«Зимогорами» чаще всего становились, естественно, семейные горожане, поэтому в поселках создавалась инфраструктура, характерная для постоянной, оседлой жизни больших семейств – строились магазины, школы и т.д. «Устройство низшей и средней школы в поселках, чтобы детям не нужно было каждый день ездить на учебу в Петербург, является самой насущной потребностью дачных местностей», – утверждало в 1913 году «Земельно-поселковое дело». Все заботы по обустройству «зимогорского» быта брали на себя местные Общества благоустройства – благодаря их деятельности проводились осушительные работы, устраивались освещение, канализация, строились железнодорожные платформы. Они же организовывали и досуг «зимогоров» – так, например, Общество благоустройства в Ольгино затевало семейные вечера, называвшиеся «субботниками».
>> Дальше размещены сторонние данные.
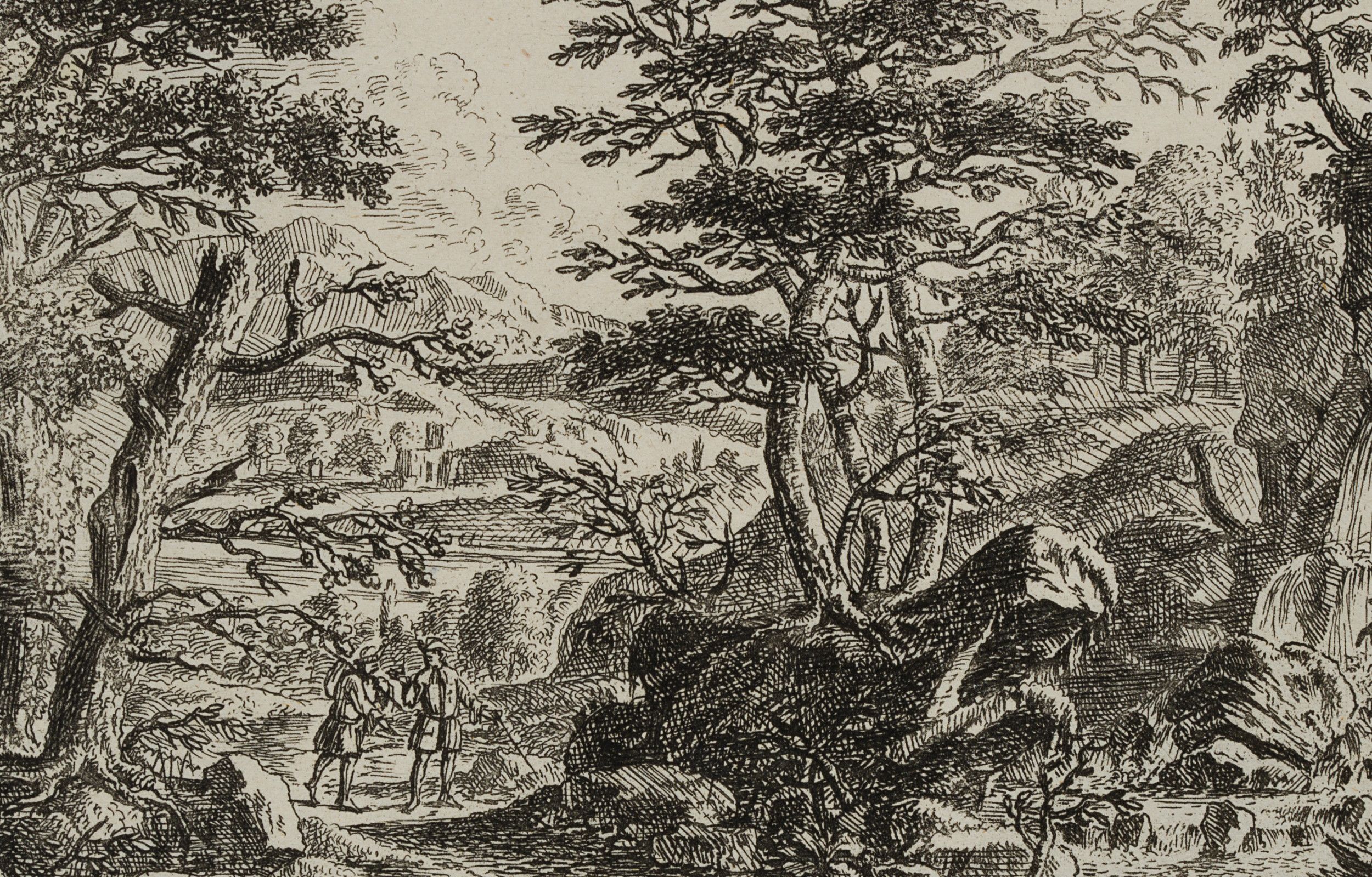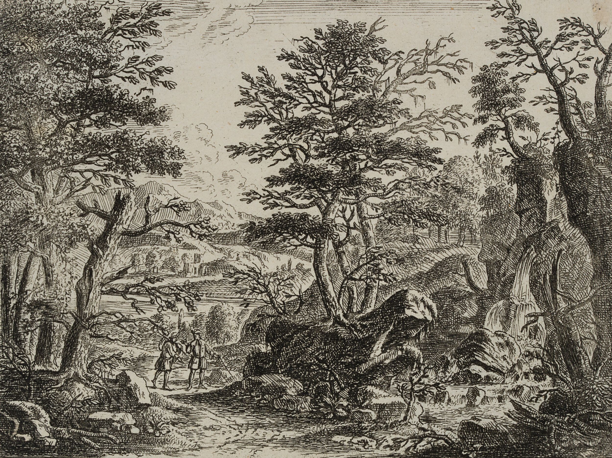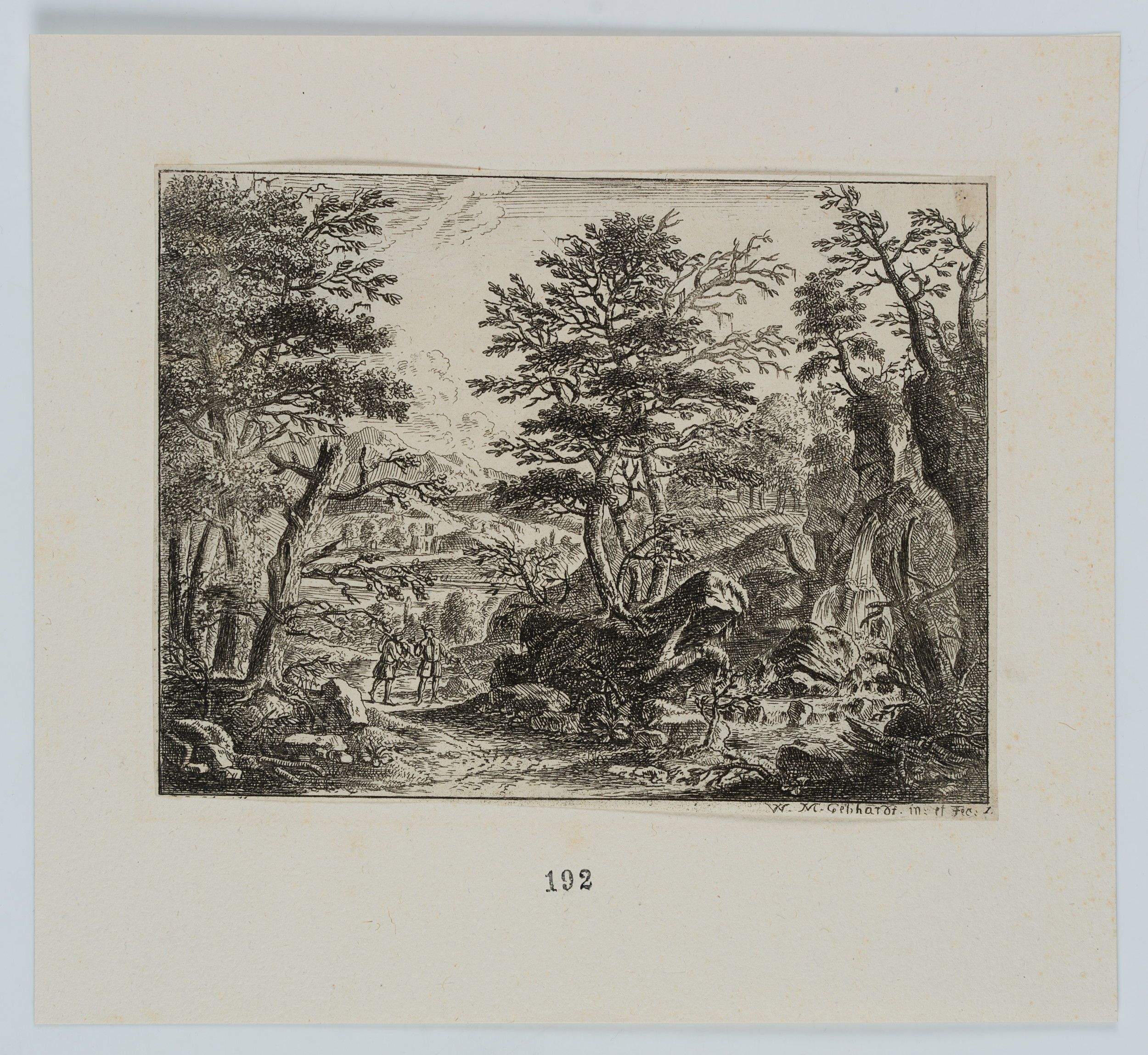 Wolfgang Magnus Gebhard (1683 – 1755 ), Rocky forest with two hikers, c. 1750, Etching

Уже упоминавшиеся многочисленные газеты и журналы («Поселковый голос», «Поселок», «Земельно-поселковое дело» и многие другие) без устали пропагандировали идеи зимнего дачного жительства. «Поселок как новая внегородская общественная единица все настоятельнее приковывает к себе внимание и государства, и общества. Однако существование колоний-поселков совершенно не урегулировано законом, а самые добрые и энергичные начинания Обществ благоустройств не встречают поддержки и понимания со стороны власти», – говорилось в июне 1912 года в журнале «Поселок».
В августе 1913 года в прессе сообщалось, что Министерство внутренних дел наконец-то обратило внимание на такое «социальное явление», как пригородные города-поселки, и образовало особую комиссию под председательством руководителя техническо-строительного комитета. Задачей комиссии ставилась выработка правил для благоустройства городов-поселков, в том числе установление норм для ширины улиц и прокладки новых магистралей, проведения водопровода, устройства канализации, разбивки садов и парков. Комиссия должна была в виде специального законопроекта представить в Государственную думу правила, поощрявшие устройство поселков «с местным обособленным управлением».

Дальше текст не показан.